Doc2vec is the set of techniques that lets us turn a document into a vector. Often, we want to use embeddings as sparser features for other tasks, like classification. How can we combine these word-level features into document-level features? One common way is to simply average the word-level vectors. This makes intuitive sense because we are hoping that the vector space represents a vague idea of meaning. So if we average all the vectors in a document, we should get the “average” meaning of the document.
The problem with this approach comes in when we consider rarity of words. Recalling our conversation on TF.IDF, it is often the case that unimportant words have a high frequency. For example, consider a clinical note. We may find a large number of generic words that are common to all notes. This can present a problem because these words will pull all of our documents toward a small number of places in our vector space. A model could still separate them, but it will converge more slowly. Worse yet, if there are natural clusters within the corpus, in other words, clinical notes from different departments, we may have a number of tightly packed clusters of documents. What we want is to be able to characterize a document by the words that are most important to that unique document. There are a few approaches for doing this.

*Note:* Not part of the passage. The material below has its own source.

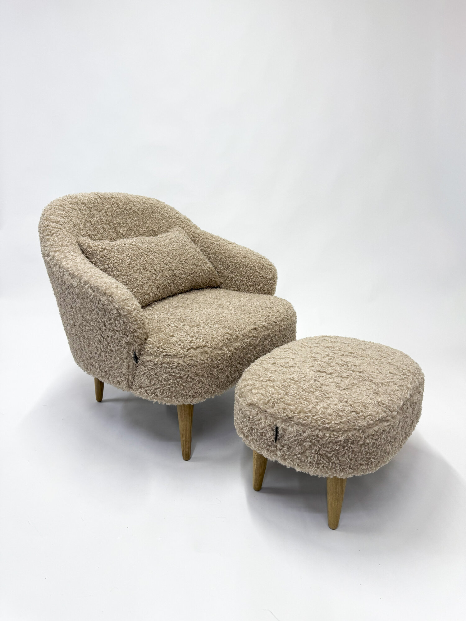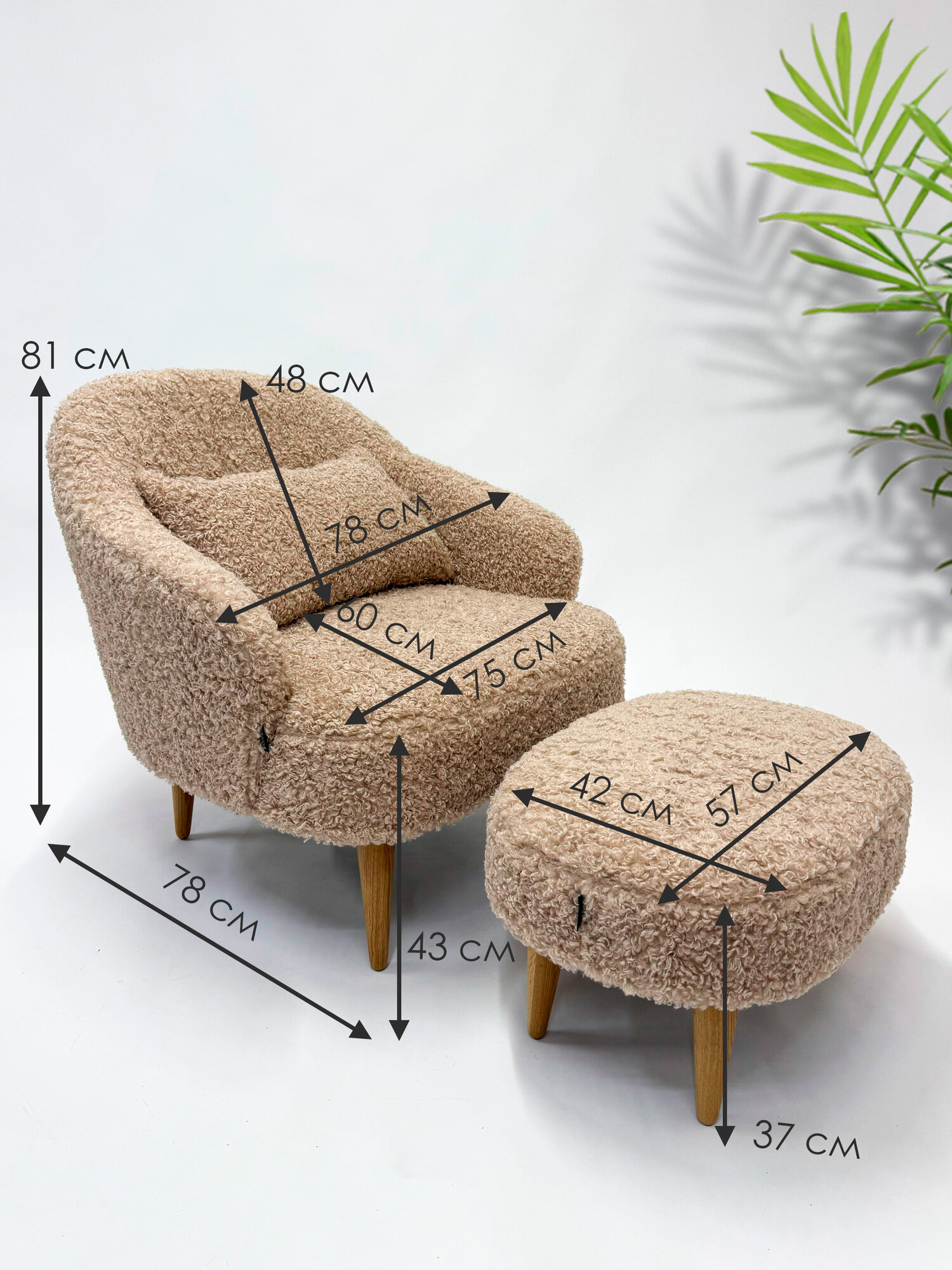 Комплект классическое кресло "Унно" + пуф, Кремовый мех, кресло барашек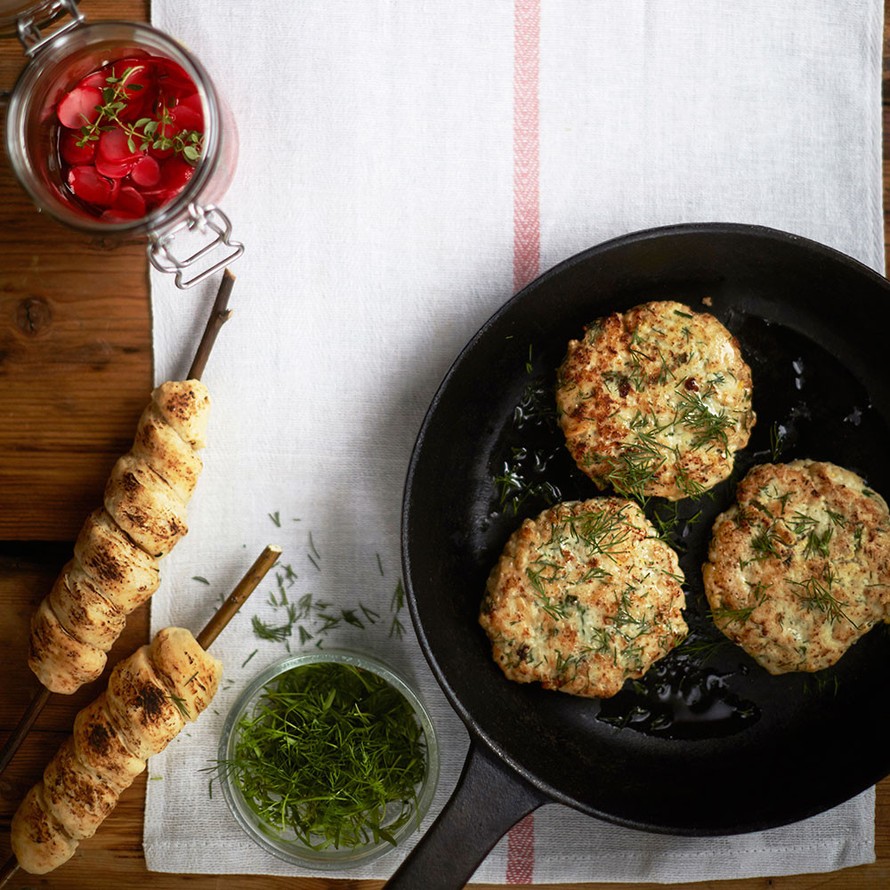 - Hienonna tilli ja timjami. Sekoita yrtit kalamassaan. Mausta mureketaikina lopuksi suolalla ja pippurilla ja sekoita tasaiseksi.

You can perform weighted averaging on the word vectors by using IDF values as weights. This will help reduce the effect that more common words have on the document vector. This approach has the benefit of being simple to implement. Indeed, if you are using a static embedding technique, you can simply scale the vectors by the IDF values. There will be no need to compute this at evaluation time. The downside is that this is a bag-of-words approach and does not take into account the relationships between words.
Another approach is called distributed memory paragraph vectors. This is essentially CBOW, but with an additional set of weights that needs to be learned. In CBOW, we are predicting a word from its context, so we have vectors representing the context as input. For distributed memory paragraph vectors, we concatenate a one-hot encoding of our document IDs to input. This allows us to represent the document with the same dimension as the words.
A third approach to doc2vec parallels the skip-gram approach, distributed bag-of-words paragraph vectors. Recall that skip grams predict the context from a word. In distributed bag-of-words paragraph vectors, you learn to predict a context of the document from its document ID.
These last two approaches have the benefit of learning the relationships between co-occurring words. They are also relatively straightforward to implement if you can implement Word2vec. Their downside is that they learn only documents you have on hand. If you get a new document, you will not be able to produce a vector for it. So these approaches can be used only on offline processes.
When talking about doc2vec, also sometimes known as paragraph2vec, it’s important to keep in mind that it can be applied to different sizes of text, from phrases to whole documents. However, if you are interested in converting phrases to vectors, you may also want to consider incorporating this into your tokenization. You can produce phrases as tokens and then learn one of the word-level embeddings discussed previously.
Let’s see how these techniques work on our classification problem from Chapter 9.
This time, writing code is up to you. Try Spark’s skip-gram implementation, Spark NLP’s pretrained GloVe model, and Spark NLP’s BERT model.